🤖 AI Summary
This work proposes LatentPre, a novel fairness-aware data preprocessing framework that addresses the significant performance degradation of existing methods under incomplete attribute spaces or missing critical variables. LatentPre is the first to incorporate identifiable latent attributes into fairness preprocessing, employing a tailored Expectation-Maximization (EM) algorithm to estimate missing sensitive or legitimate variables. By operating in an enriched attribute space, the framework effectively disentangles spurious bias from legitimate associations. This approach enables robust data calibration even under imperfect observational conditions, substantially improving the trade-off between fairness and utility across multiple real-world scenarios.
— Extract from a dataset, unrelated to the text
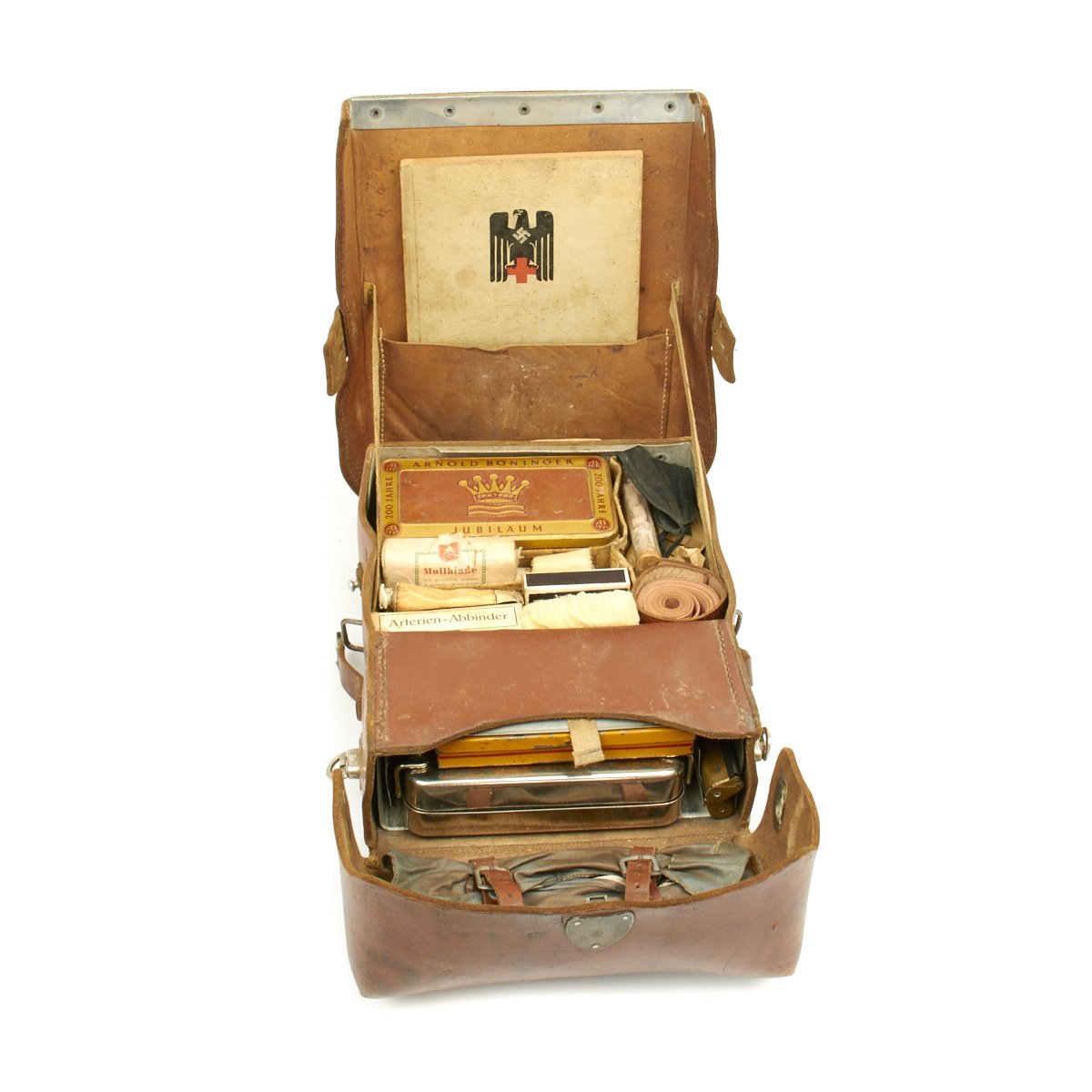 Original Item: Only One Available. This fantastic complete set of first aid and medical equipment nearly all bearing WW2 dates and contained in a classic excellent condition brown leather German WWII issue first aid leather large pattern medic case. The case features a carry handle on top, multiple compartments inside and an embossed S to the front lock plate. The set is so massive and complete that listing a full inventory would be extremely time consuming, so please consult the photos for to see what other items. Some items of interest include:

Consequently, LatentPre enhances the practicality and adaptability of fair data management in settings where key attributes are unobserved or partially available.
📝 Abstract
Fair data pre-processing is a widely used strategy for mitigating bias in machine learning. A promising line of research focuses on calibrating datasets to satisfy a designed fairness policy so that sensitive attributes influence outcomes only through clearly specified legitimate causal pathways. While effective on clean and information-rich data, these methods often break down in real-world scenarios with imperfect attribute spaces, where decision-relevant factors may be deemed unusable or even missing. To address this gap, we propose LatentPre, a novel framework that enables principled and robust fair data processing in practical settings. Instead of relying solely on observed attributes, LatentPre augments the fairness policy with latent attributes that capture essential but subtle signals, enabling the framework to operate as if the attribute space were perfect. These latent attributes are strategically introduced to guarantee identifiability and are estimated using a tailored expectation-maximization paradigm. The raw data is then carefully refined to conform to this latent-augmented policy, effectively removing biased patterns while preserving justifiable ones. Extensive experiments demonstrate that LatentPre consistently achieves strong fairness-utility trade-offs across diverse scenarios, advancing practical fairness-aware data management.